After finally putting up with an FM-modulated iPod interface and XM radio (both sounded pretty good, but...you know. Had to go for the gold) for two whole weeks (hehe), I went looking for a decent head unit with these specs:

- CD/MP3 capable (WMA is nice also, but not required)
- Remote control
- XM-ready (very important)
- Removeable faceplate (pretty standard)
- Some kind of iPod interface/portable audio player interface
- Decent power and good reviews
- At least one pair of pre-outs (for a sub later)
All for under $175 (which is a tall order)

It is VERY hard to find a unit with all the above for under $200, let alone $175. I didn't want to add $50 in XM cables and adapters either, nor did I want to spend $100 on an iPod integrated adapter/cable since I prefer the iPod's interface to some clunky stereo integrated interface. Looked at Pioneer, Clarion and Sony (and Audiobahn), but all the additions for the iPod and XM radio would have pushed the price to almost $325.

Luckily, I found the Dual XMDR-7700 which came with everything mentioned above (which was impressive in itself): XM cable for the Terk universal XM box and XM-ready without any other proprietary adapters, RCA cables/3.5mm cables for a portable MP3 player (perfect for the iPod), very nice power, and a rather unique dual-motorized facplate/display.

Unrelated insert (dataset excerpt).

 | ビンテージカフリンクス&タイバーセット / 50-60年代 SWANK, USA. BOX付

The "iPlug" that is came with basically is a 3.5mm to RCA adapter (with a 4-foot cable) that allows you to place this "iPlug" near your iPod or other player and hooks right to its headphone output. I loved this alternative compared to a front-mounted AUX input, with an unsightly cable hanging down from your head unit to your player.

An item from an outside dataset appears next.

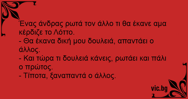 Ένας άνδρας ρωτά τον άλλο τι θα έκανε αμα κέρδιζε το Λόττο.

Anyway, with the universal XM radio being only $50 with a $50 rebate (making it free), and not needing a brand-proprietary adapter (like Sony, Pioneer and others make you use), this seemed like the dream head unit to get. I could find no other unit under $200 that was as loaded as this. I use the iPod to listen to podcasts in the truck, so having a neatly-hidden AUX jack was important.

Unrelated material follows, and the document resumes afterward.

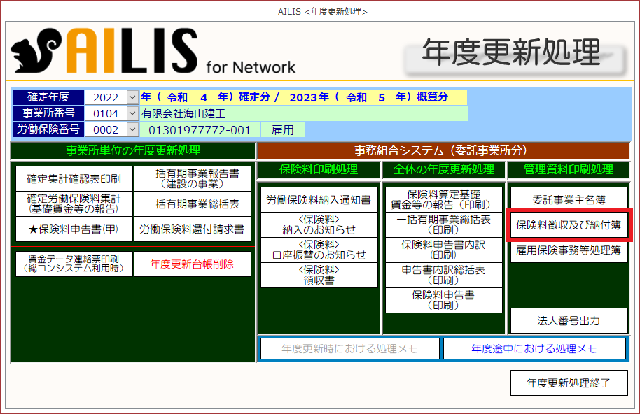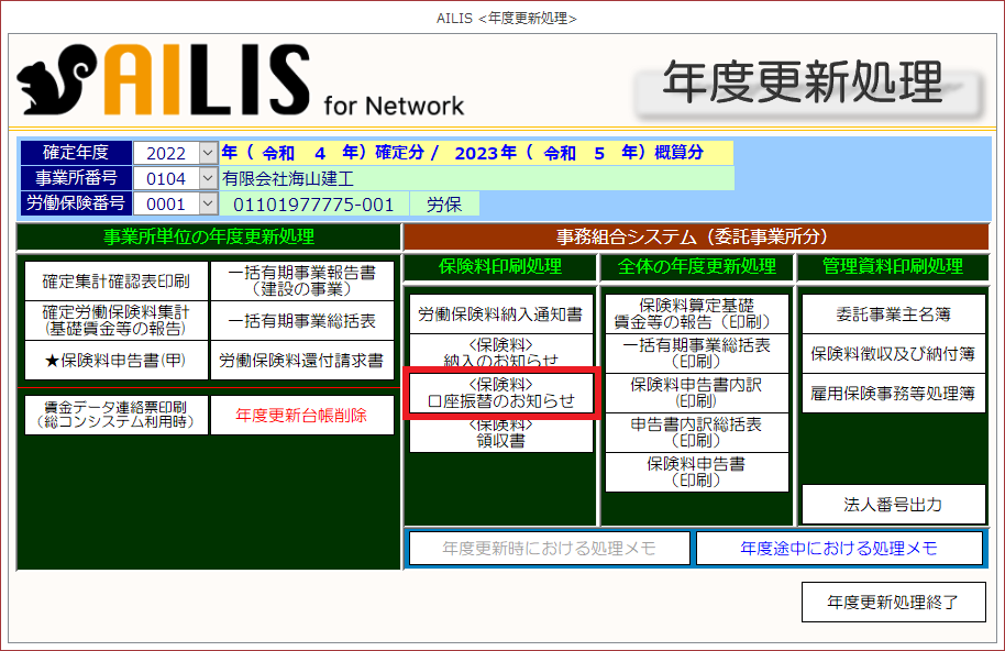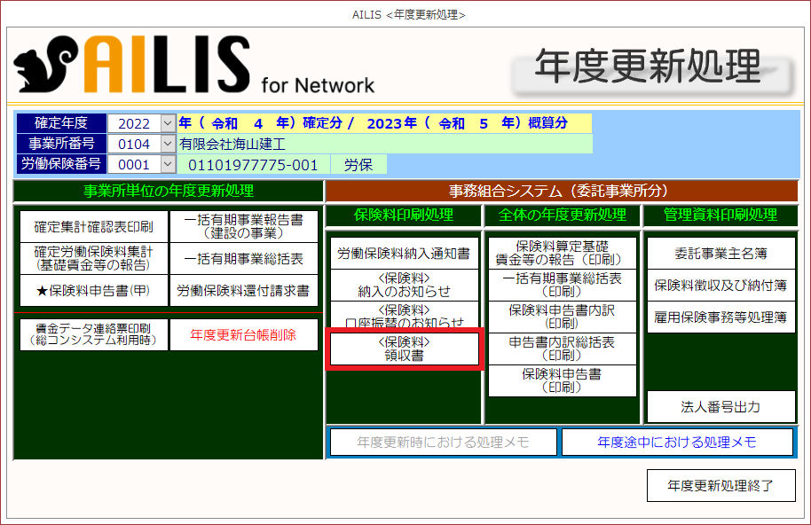 [年度更新処理]の事務組合システム(委託事業所分)における保険料印刷処理を紹介します。

I used the Scosche N1491 install kit (looks excellent in the dash of the 2005/06 Frontier) and a Metra wiring harness and installed the unit in about 30 minutes. I stashed the XM radio box underneath the center console (which just snaps off) where the lower pocket is (there is JUST enough space under that to stach the radio box), turned on the unit, and was blown away! The power was quite a bit more than the factory head unit (not a whole lot, but noticeable), and it made the 4 stock speakers (and 2 added tweeters in the dash) sound great - very punchy. I was very satisfied with the install kit and the overall look of this unit for the price, which was only $125 at buy.com (free shipping). I almost ordered from Crutchfield (they had it for $170), but I had ordered a Sony unit from them a few weeks ago, and the install kit they sent (for free) was just a dash pocket (not a custom Frontier install kit). The install did not look that good, so I sent everything back. I found the Scosche install kit for $5.99 at buy.com (this is incredibly cheap!) and the wiring harness for another $6.99 (again, cheap!). So for $150, I had everything I needed to complete the install, and the Scosche kit looks fantastic.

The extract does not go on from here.